Edited on Mon Jan-07-08 02:05 AM by UncleSepp
What the hell am I watching on NBC? They've interviewed a couple of young transgendered women, all of whom had difficult childhoods, problem fathers, and families who reject them. Then, they segue into what appear to be drag houses, and how "the house father of house X says he is supportive of his daughters, but many say there are house fathers who take sexual liberties with their charges..."

It's twenty minutes at least into this show, but it appears as if this is what the show is going to be.

Yes, of course these ladies have genuine stories. Yes, for them, this *is* what it's all about. However, I have to give NBC a big WTF so far. I could put together a show of just as many transfolk, men and women, who are all geeks with accepting families who went into IT and ended up at Microsoft. It would be just as true for that set.

Where's the diversity? Where are the transwomen who aren't twentysomething? Where are the college professors and the geeks? Where are the moms? Hell, where are the transmen? At least on this show, the majority of the transwomen aren't white.... wait. I'm not so sure that's a good thing. Is that another part of the angle?
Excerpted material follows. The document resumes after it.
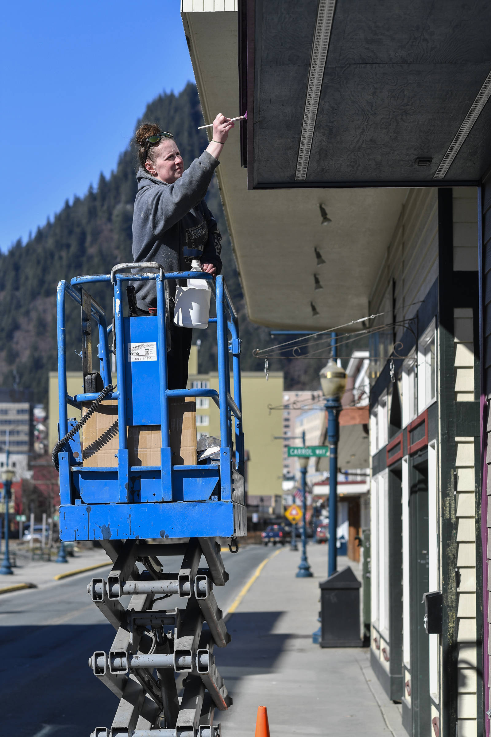 A Herr’s Painting employee hand paints the trim on the front of Tanzanite International on Monday, April 15, 2019. (Michael Penn | Juneau Empire)

Ugh. This show is a train wreck.

Edit: Oh man. Now, it's "The job market for transgendered women is often so difficult that they turn to prostitution..."
Edit again: Hey, what do you know! One of the transgendered women had a boyfriend who was a transman.
Edit once more: Ugh. They closed with a house father saying "The percentage rate of a successful transgender woman is very slim."
Last edit, I swear: They did have an earlier episode on transmen. It looks like the episode on transmen might have been a little better, at least a little less frivolous than the one on transwomen.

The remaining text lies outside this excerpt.